Problem statement

https://leetcode.com/problems/find-peak-element/

Solution

There is a huge hint given in the problem description: we need to find solution with complexity O(log n) and we immedietly must think about binary search. Let us consider the case [-inf, 1, 2, 1, 3, 5, 6, 4, inf]. We need to find place k, such that nums[k] < nums[k+1] and nums[k+1] > nums[k+2]. Let us compare all pairs of adjacent elements and ask question: if the first one is smaller then the second, for our array we have [True, True, False, True, True, True, False, False]. Then what we need to find in this array is any two adjacent places where we have pair True, False. Note, that first element is always True and last is always False, so we have True, .............., False.
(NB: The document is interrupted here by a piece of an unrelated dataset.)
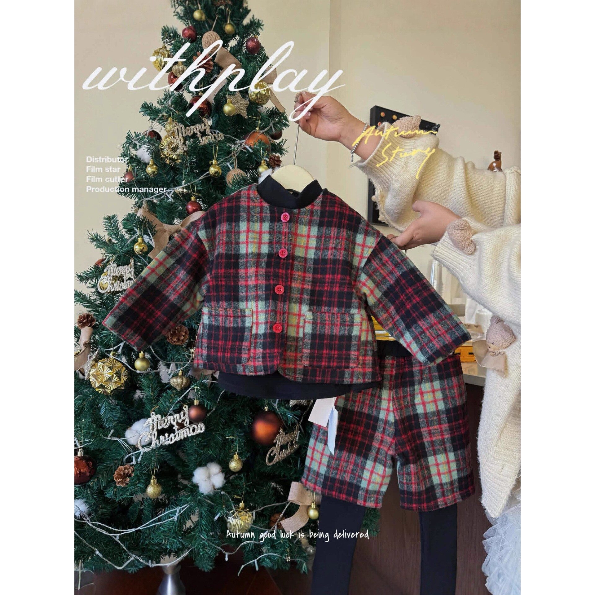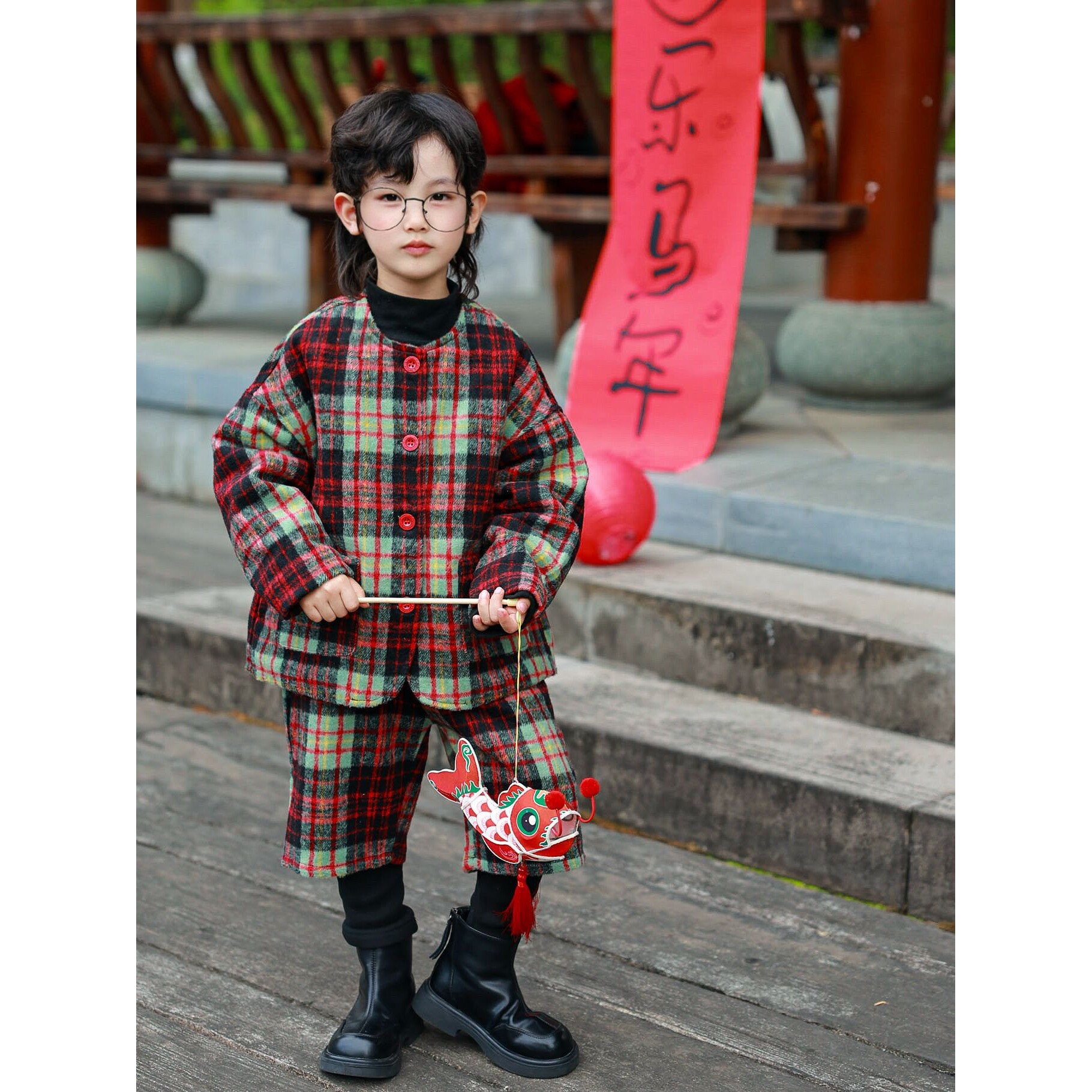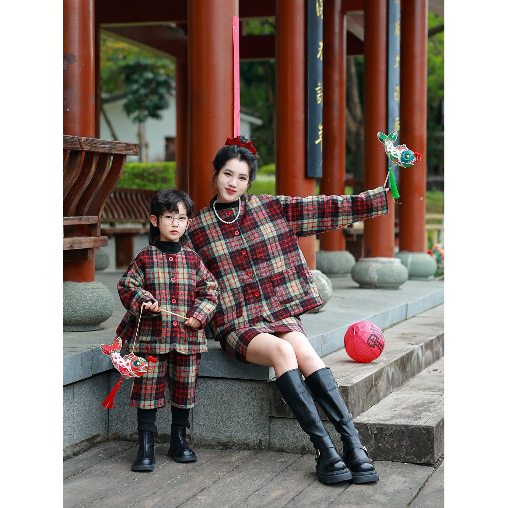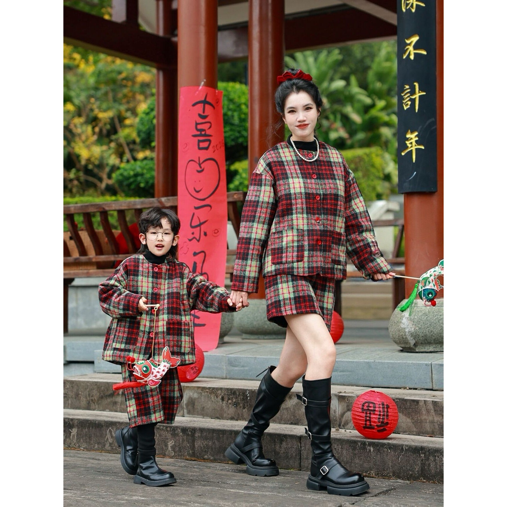 进口一起玩亲子双蛋新年格子套装韩系母子装加绒夹棉拜年新年套

Now, let us choose element in the middle, and we can have two options: 1) It is True, so we have True, ......, True, ......., False and in this case for the second half we have property that it starts with True and ends with False. 2) It is False, so we have True, ......, False, ......., False and in this case for the first half we have property that it starts with True and ends with False.
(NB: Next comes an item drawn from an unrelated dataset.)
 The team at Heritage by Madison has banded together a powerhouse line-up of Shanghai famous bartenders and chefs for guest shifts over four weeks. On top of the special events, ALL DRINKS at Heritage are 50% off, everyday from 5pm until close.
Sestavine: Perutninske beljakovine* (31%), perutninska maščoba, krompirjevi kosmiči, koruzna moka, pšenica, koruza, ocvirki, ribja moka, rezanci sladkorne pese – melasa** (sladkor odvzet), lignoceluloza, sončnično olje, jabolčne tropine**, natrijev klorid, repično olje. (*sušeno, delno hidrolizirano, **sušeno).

So, in any case we save the property that it starts with True and ends with False. Each time we decrease length of interal twice, so:

Complexity

Time complexity is O(log n), space complexity is O(1).

Code

class Solution:
    def findPeakElement(self, nums):
        beg, end = 0, len(nums) - 1
        while beg < end:
            mid = (beg + end)//2
            if nums[mid] < nums[mid + 1]:
                beg = mid + 1
            else:
                end = mid

        return end